The biggest hack to this is React Native, which barged just in due to sheer Javascript and web dominance elsewhere, and even that has a ton of problems. Plus I'm fairly sure that the React Native JS only runs in the JIT approved by the Apple Gods, anyway.
Otherwise, we're stuck in the old days of compiled languages: C/C++ (they can't really get rid of these due to games, and they have tried... Apple generally hates/tolerates games but money is money). Rust works decently from what I hear. Microsoft bought Mono/Xamarin and that also sort of works.
But basically nothing else is at the level of quality and polish - especially in terms of deployment - as desktops, if you want to build an app in say, Python. Or Java. Or Ruby. Or whatever other language in which people write desktop apps.
And we're at a point where mobile computing power is probably 20x that of desktops available in 2007. The only factor that is holding us back is battery life, and that's only because phone manufacturers manufacture demand by pushing for ever slimmer phones. Plus we have tons of very promising battery techs very close to increasing battery capacities by 20-50%.
Could you elaborate a bit, please? Any links are appreciated.
Silicon Carbon batteries. And others, but this tech is already in production.
> no more leverage against corpos
> just glorious proprietary enclaves where local tyrant can do anything they want!
These are all literally consequences of the web btw, as are things like attestation in consumer hardware.
Totally this, and not because powers suddenly realized they can't control Web like they controlled early "smart" dumb phones circa J2ME times.
"yt-dlp is a feature-rich command-line audio/video downloader with support for thousands of sites. The project is a fork of youtube-dl based on the now inactive youtube-dlc."
It would still be possible with native apps. Somebody will have to reverse engineer it continuously. So it will be slower, but still possible.
However, that won't be the case if they start using some secret (like a private key) that you can't access directly from an app, or if they decide that you can't run custom/modified apps. That's what I believe to be the true intentions behind their push to adopt dystopian technologies like secure enclaves and platform attestation. Not really about security as they claim.
Yeah, that is exactly I was thinking.
I have to assume you're joking, but I honestly can't figure out what point you're even trying to make. Do it think it's surprising that an ad-supported site has anti-scraping/anti-downloading mechanisms? YouTube isn't a charity, it's not Wikipedia.

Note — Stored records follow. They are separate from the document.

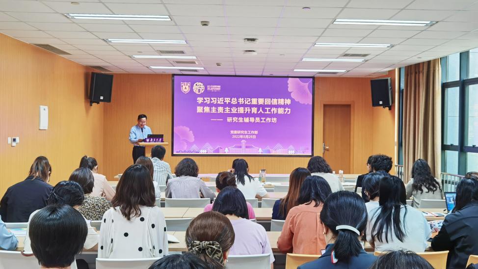 5月25日上午,"学习习近平总书记重要回信精神 聚焦主责主业提升育人工作能力"研究生辅导员专题培训会暨研究生辅导员工作坊活动在仙林校区举行。党委常委、党委研究生工作部部长周济林出席并讲话。党委研究生工作部副部长李宁主持,全体研究生辅导员参加。
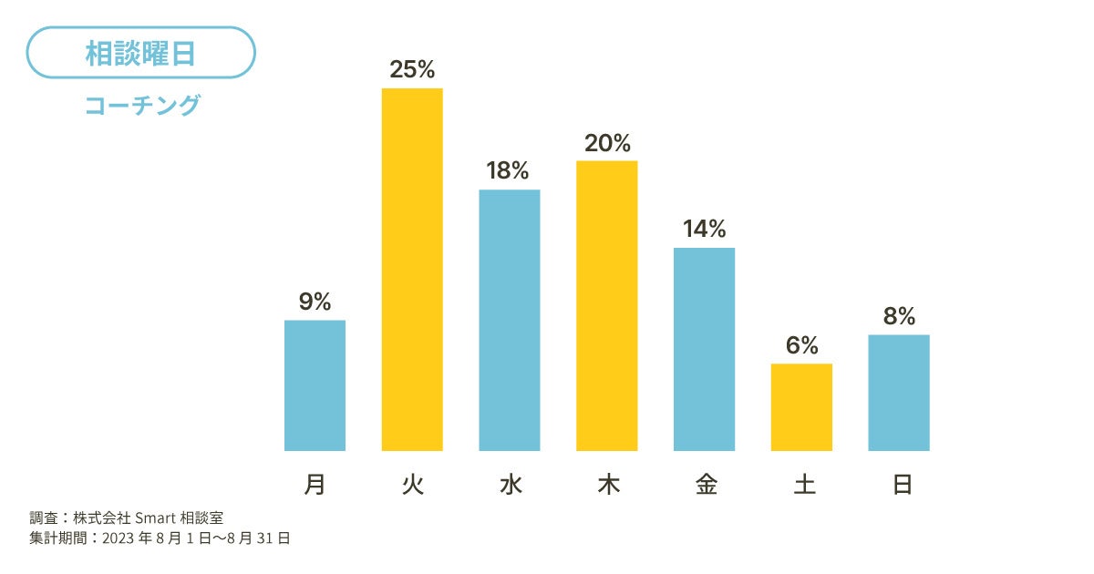 「Smart相談室」でコーチングを受けられている方の利用曜日と時間帯の内訳をまとめました。
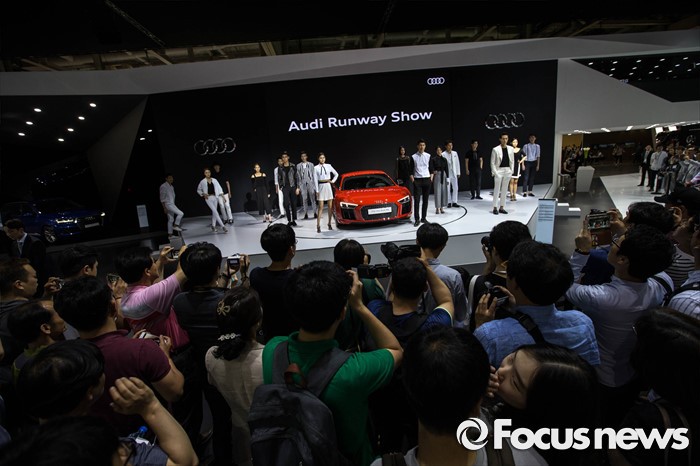 아우디는 모터쇼 행사장을 패션쇼 현장으로 바꿔놓았다. 브리핑이 시작되자 전시 부스 정면에 설치된 대형 화면에 '아우디 런웨이 패션쇼'라는 문구가 뜨고, 블랙 앤 화이트 컬러로 패션 코디를 한 모델 15명가량이 무대에 등장해 전시차량 주변에서 한동안 말없이 포즈를 잡았다. 스타일리스트 김하늘과 협업을 통해 이번 무대를 꾸민 아우디는 '기술의 진보'와 함께 '세련되고 진보적인 디자인'을 추구한다는 브랜드 아이덴티티를 부각시켰다.
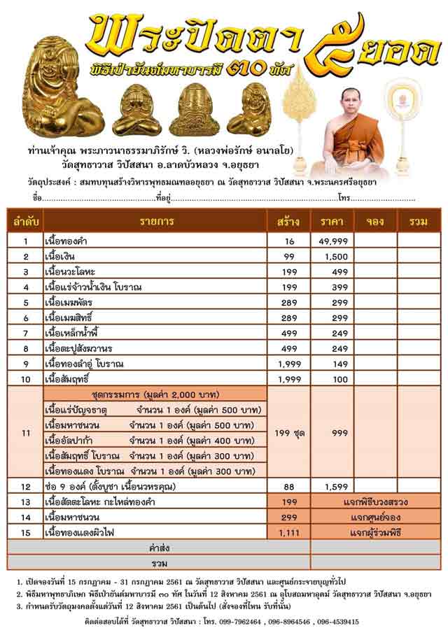 10.เนื้อสัมฤทธิ์ มี 10 องค์ๆละ 100 บาท
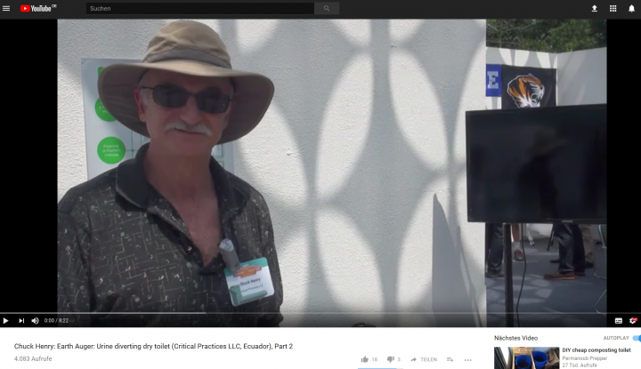 The goal of this project was to develop several prototypes of a mechanised, pedal-operated, low-cost, easy-to-use, odourless urine-diverting dry toilet (UDDT). Chuck was interviewed by Elisabeth von Muench on 22 March 2014 at Taj Palace Hotel in Delhi, India. Filmed by Arno Rosemarin (SEI) during the "Reinvent the Toilet Fair".
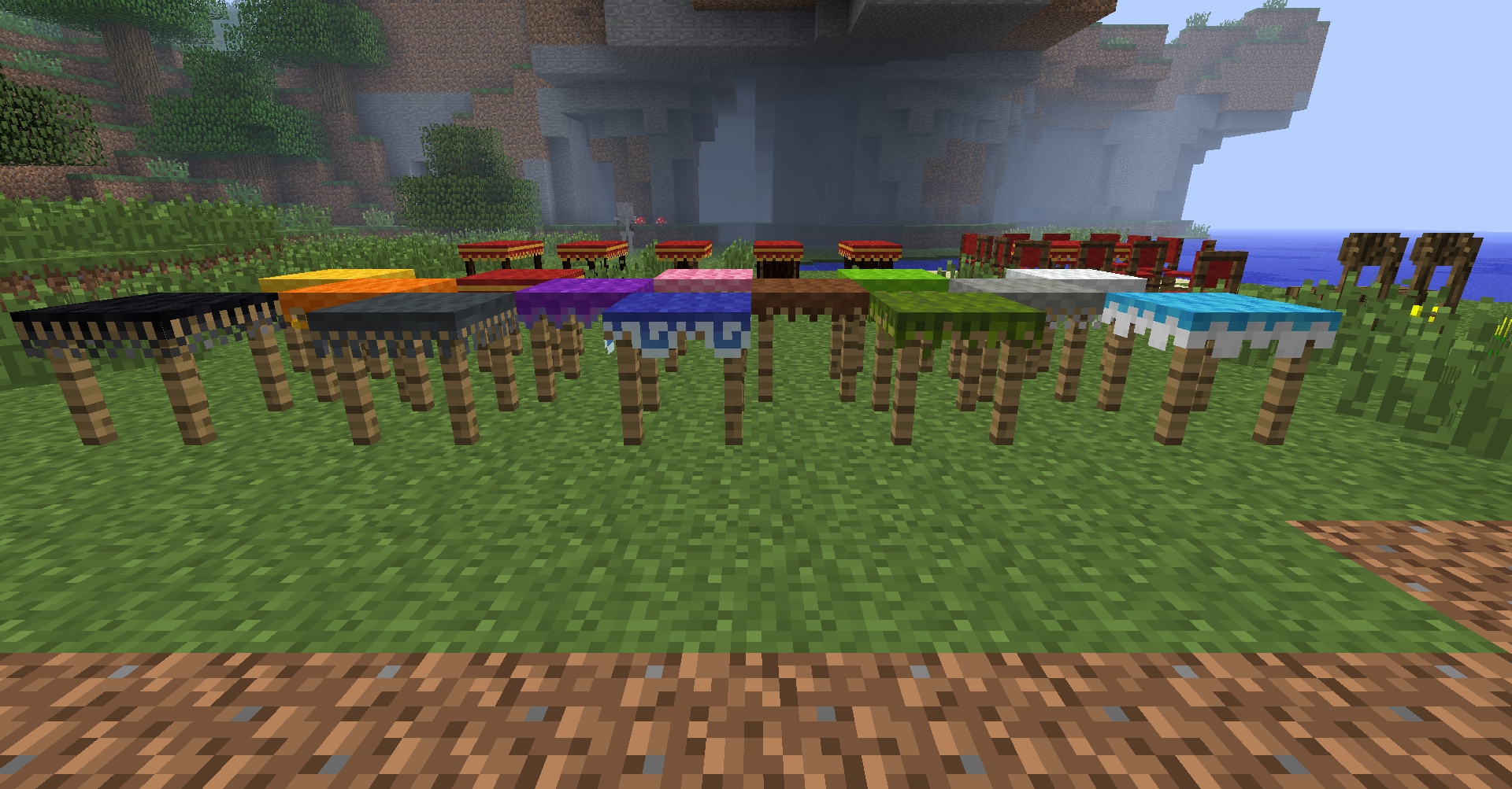 At this moment mod is very simple and contains only 5 tables and 2 chairs, but each can be constructed from 2 materials (right-click with block in hand). It's the same system, that "Carpenter's Block" mod use, but expanded. First material can be applied to bottom part of the block (from bottom to half height) and the second on another half. Tables also can be covered with tablecloth (right-click with carpet on top of block). Each color has unique pattern for side of tablecloth, based on it's color theme. Each material also can be colored (right-click with dye). Tables can be expanded with blocks of same type placed near them.

I was reading a study recently that claimed Gen Z is the first generation where tech literacy has actually dropped. And I don’t blame them! When you don’t have to troubleshoot things and most of your technology “just works“ out the box compared to 20 or even 10 years ago, then you just don’t need to know how to work under the hood as much and you don’t need a fully fledged PC. You can simply download an app and generally it will just take care of whatever it is you need with a few more taps. Similar to how I am pretty worthless when it comes to working on a car vs my parents generation could all change their own oil and work on a carburetor (part of this is also technology has gotten more complicated and locked down, including cars, but you get my point).
The point of all this is I could definitely see a world where using a desktop/laptop computer starts becoming a more fringe choice or specific to certain industries. Or perhaps they become strictly “work” tools for heavy lifting while mobile devices are for everything else. In that world many companies will simply go “well over 90% of our users are only using the app and the desktop has become a pain in the ass to support as it continues to trend downwards so…why bother?”
Who knows the future? Some new piece of hardware could come out in 10 years and all of this becomes irrelevant. But I could see a world where devices in our hands are the norm and the large device on the desk becomes more of a thing of the past for a larger percentage of the population.
Laptops aren't going anywhere. Even if phones and tablets replace them for a third of tasks, or a third of people.
The idea that laptops with browsers would become so rare that YouTube would drop support, within any reasonably predictable future timeframe, is pure fantasy.
I think given the pace of technological advancement and given how every generation we see at least one major piece of electronics completely wipe out generations of predictions, this statement doesn’t serve a productive purpose other than to make “I don’t agree” sound like some variation of “it’s an objective fact that what you said is impossible.” You’re just spiking the conversation, even if that is not your intention.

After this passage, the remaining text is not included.